Abstract:
Nowadays, Natural Language Processing (NLP) concerns with the interaction between
computers and human natural languages. The most difficult task in NLP is to learn natural
languages for the computer. Parsing is one of the very important tasks in natural language
processing. It is the task of analyzing the structural relationship between the words in a sentence.
For a free word order language like Afaan Oromo, parser suits the best to extract the relation
between the words in the sentences. Development of hybrid sentence parser for Afaan Oromo
will avoid the large amount of time wasted to manually process sentences in the language to
show its syntactic structure. The parser is also useful for semantic parsing which extracting
meaning from a sentence and checking the well-formed-ness of a sentence, which is
useful in a number of applications such as language teaching. Corpus used in this study as
training and test set are manually parsed by researchers with linguistic advisor. Manually parsed
sentences are given to machine for machine learning.
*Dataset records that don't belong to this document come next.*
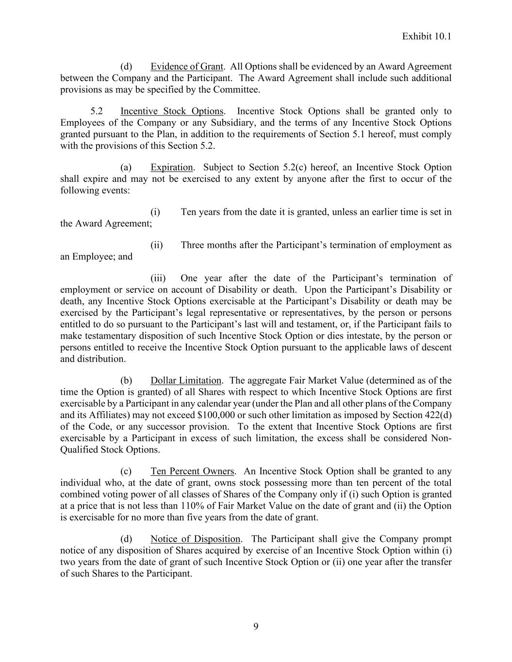 Exhibit 10.1 9 (d) Evidence of Grant. All Options shall be evidenced by an Award Agreement between the Company and the Participant. The Award Agreement shall include such additional provisions as may be specified by the Committee. 5.2 Incentive Stock Options. Incentive Stock Options shall be granted only to Employees of the Company or any Subsidiary, and the terms of any Incentive Stock Options granted pursuant to the Plan, in addition to the requirements of Section 5.1 hereof, must comply with the provisions of this Section 5.2. (a) Expiration. Subject to Section 5.2(c) hereof, an Incentive Stock Option shall expire and may not be exercised to any extent by anyone after the first to occur of the following events: (i) Ten years from the date it is granted, unless an earlier time is set in the Award Agreement; (ii) Three months after the Participant’s termination of employment as an Employee; and (iii) One year after the date of the Participant’s termination of employment or service on account of Disability or death. Upon the Participant’s Disability or death, any Incentive Stock Options exercisable at the Participant’s Disability or death may be exercised by the Participant’s legal representative or representatives, by the person or persons entitled to do so pursuant to the Participant’s last will and testament, or, if the Participant fails to make testamentary disposition of such Incentive Stock Option or dies intestate, by the person or persons entitled to receive the Incentive Stock Option pursuant to the applicable laws of descent and distribution. (b) Dollar Limitation. The aggregate Fair Market Value (determined as of the time the Option is granted) of all Shares with respect to which Incentive Stock Options are first exercisable by a Participant in any calendar year (under the Plan and all other plans of the Company and its Affiliates) may not exceed $100,000 or such other limitation as imposed by Section 422(d) of the Code, or any successor provision. To the extent that Incentive Stock Options are first exercisable by a Participant in excess of such limitation, the excess shall be considered Non- Qualified Stock Options. (c) Ten Percent Owners. An Incentive Stock Option shall be granted to any individual who, at the date of grant, owns stock possessing more than ten percent of the total combined voting power of all classes of Shares of the Company only if (i) such Option is granted at a price that is not less than 110% of Fair Market Value on the date of grant and (ii) the Option is exercisable for no more than five years from the date of grant. (d) Notice of Disposition. The Participant shall give the Company prompt notice of any disposition of Shares acquired by exercise of an Incentive Stock Option within (i) two years from the date of grant of such Incentive Stock Option or (ii) one year after the transfer of such Shares to the Participant.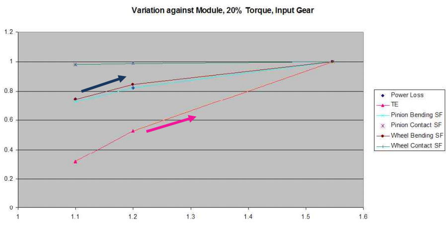 ? 模數:在整數倍重合度條件下,模數越大,功率損失越大,強度越好,TE越來越大。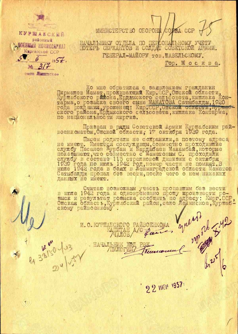 69) Красноармеец Маматов Саты Бады (Сатыбвлды) 1919 (1920) г.р. Уроженец: Киргизская ССР, Ошская обл., Куршабский р-н. Ранен в бою 13.08.1941г. Проходит по ЭГ 2222. Выбыл из госпиталя 27.08.1941г. в ОВК. По спискам РВК считается пропавшим без вести с июля 1942 года.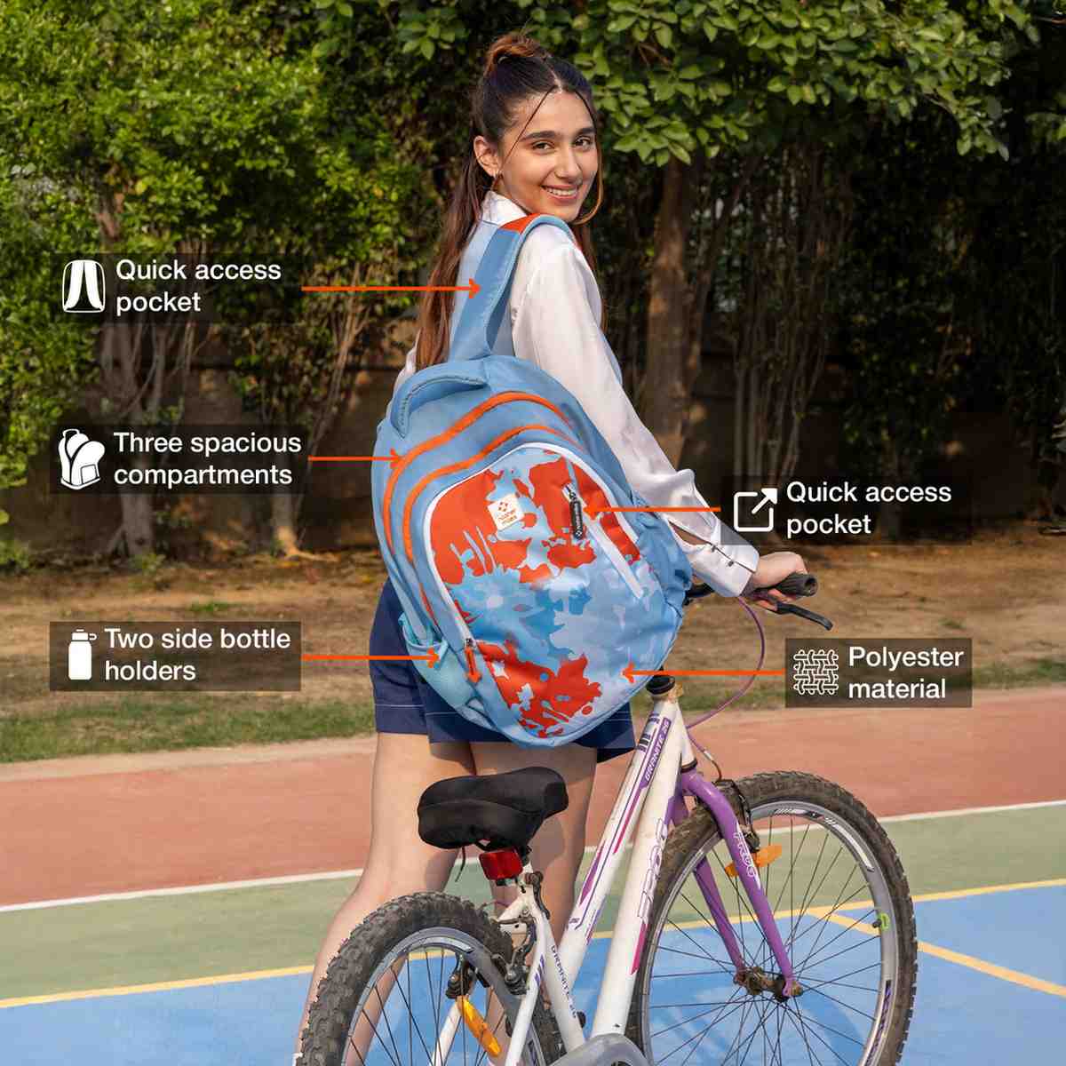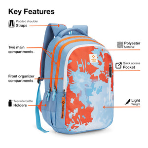 Durable Material: Crafted from sturdy polyester fabric, this backpack is built to safeguard your school or college essentials with durability and longevity. With a spacious of 45-liter capacity. The trendy printed design adds a stylish flair, making it a perfect match for casual outfits and uniforms.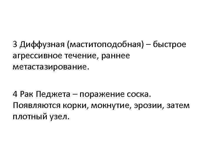 3 Диффузная (маститоподобная) – быстрое агрессивное течение, раннее метастазирование. 4 Рак Педжета – поражение соска. Появляются корки, мокнутие, эрозии, затем плотный узел.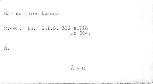 //// När sommaren kommer //// 2:4+r. LE. S.L.S. 512 s.716 //// nr 384. //// ' N. //// Å B O //// ___ _ _ ___^___ ////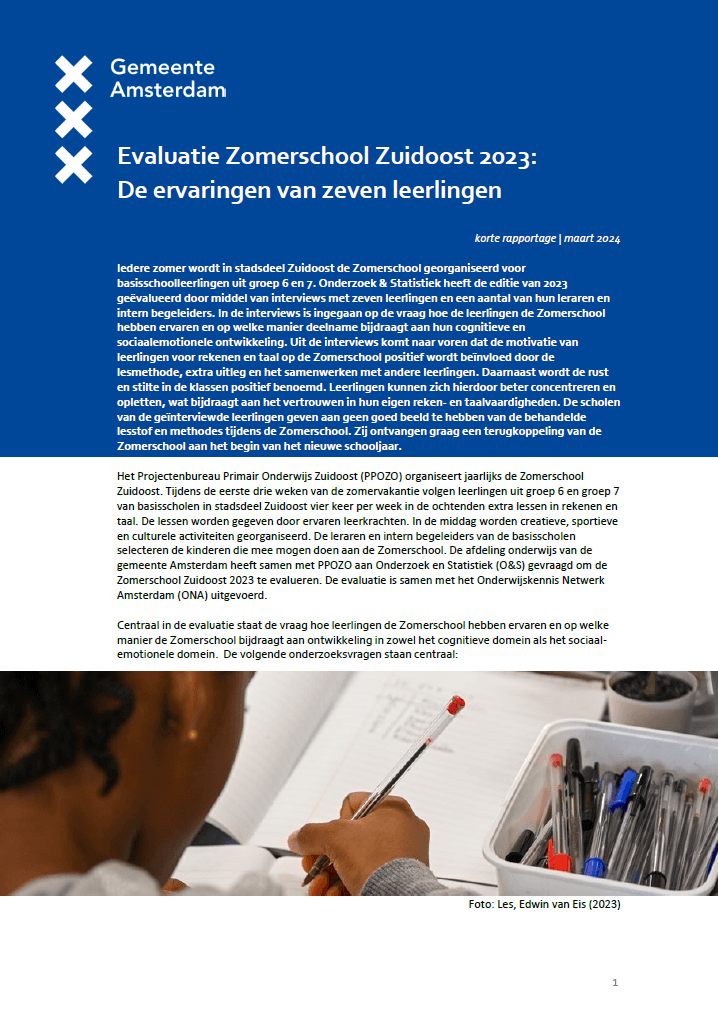 Iedere zomer wordt in stadsdeel Zuidoost de Zomerschool georganiseerd voor basisschoolleerlingen uit groep 6 en 7. Onderzoek en Statistiek heeft de editie van 2023 geëvalueerd door middel van interviews met zeven leerlingen en een aantal van hun leraren en intern begeleiders. In de interviews is ingegaan op de vraag hoe de leerlingen de Zomerschool hebben ervaren en op welke manier deelname bijdraagt aan hun cognitieve en sociaalemotionele ontwikkeling.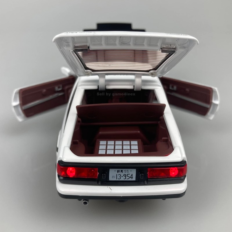 You are watching very nice made 1:28 Scale Diecast of Trueno AE86 - Comics Initial D main charaster Fujiwara Takumi's drift car. When push down the car, there will be engine voice and drifting sound, together with the headlights and backlights flashing. The doors, front and back hoods are openable. It's brand new in box, and come with a display base. Push down the car there is engine sound and the pop-up headlights will be light, 2 * LR44 batteries required.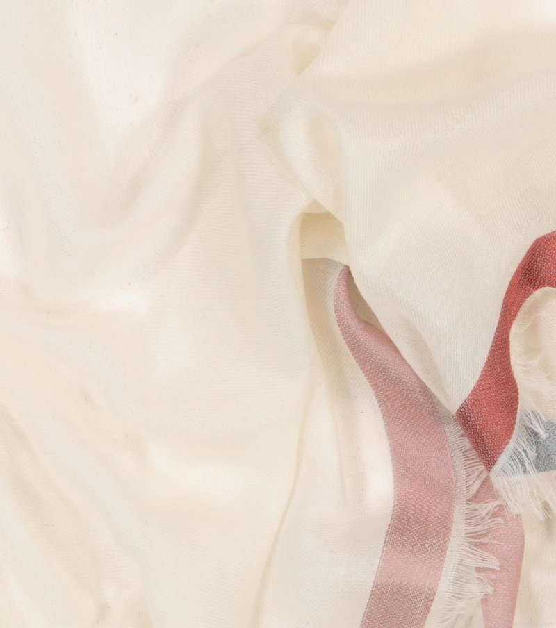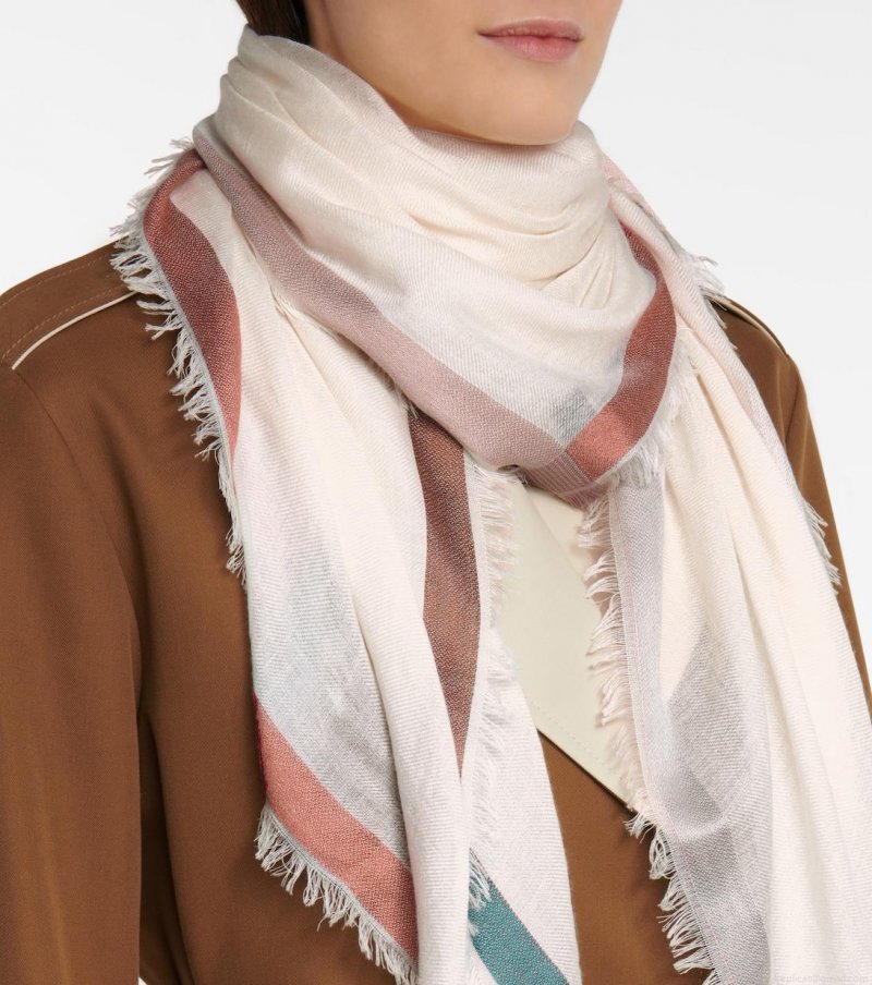 This whisper-weight cashmere and silk scarf from Loro Piana is cast in summer-ready white with a colorful border. The Italian-made piece will add a bright touch to any ensemble, and looks glamorous whether worn around the neck or as a headscarf.
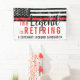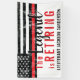 Ce design présente un drapeau de pompiers avec des rayures noires et blanches, ainsi qu'une fine bande rouge. Le texte "La légende prend sa retraite" est situé au-dessus du nom du pompier, lieutenant ou chef qui part à la retraite. Célébrez dans le style avec ce superbe fond de bannière que vous pouvez utiliser comme toile de fond pour des photos !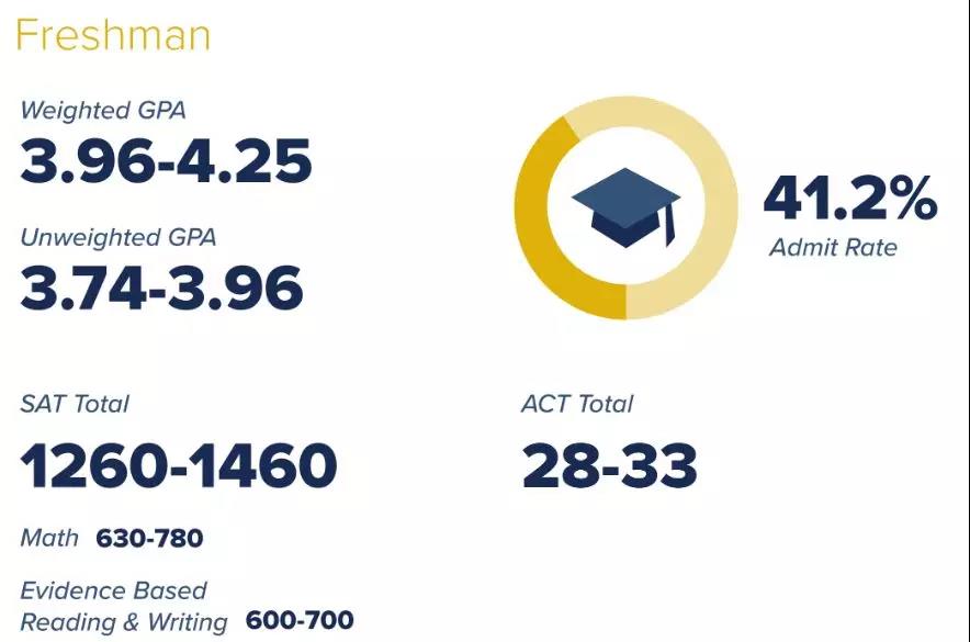 美国综合大学排名从去年46位上升到今年的38位,加州戴维斯分校和欧文分校一样, 这两年录取率一直在下降 。戴维斯分校在2018年出现了一次断崖式的下降,从 2017年60%的录取率下降到了2018年的41.2% 。从其官网的数据显示, SAT标化成绩区间为1260-1460,如果提交ACT成绩的话,建议分数在30分以上 。

In this thesis, Weka tool is used for machine learning technique. The algorithm used for machine
learning is support vector machine (SVM). The SVM algorithm is implemented using sequential
minimal optimizing function (SMO). The features for the parser to machine learning include
parts of speech, word and Lexicalized features. The algorithm achieved precision and recall of
82% for complex sentence parser and 89.5% for simple sentence. Accuracy of the result is
73.11%.
The model created for the parser differs from the previous work since the model developed
includes machine leaning technique and also the tag set used is different. At the end, the
developed model gives satisfactory results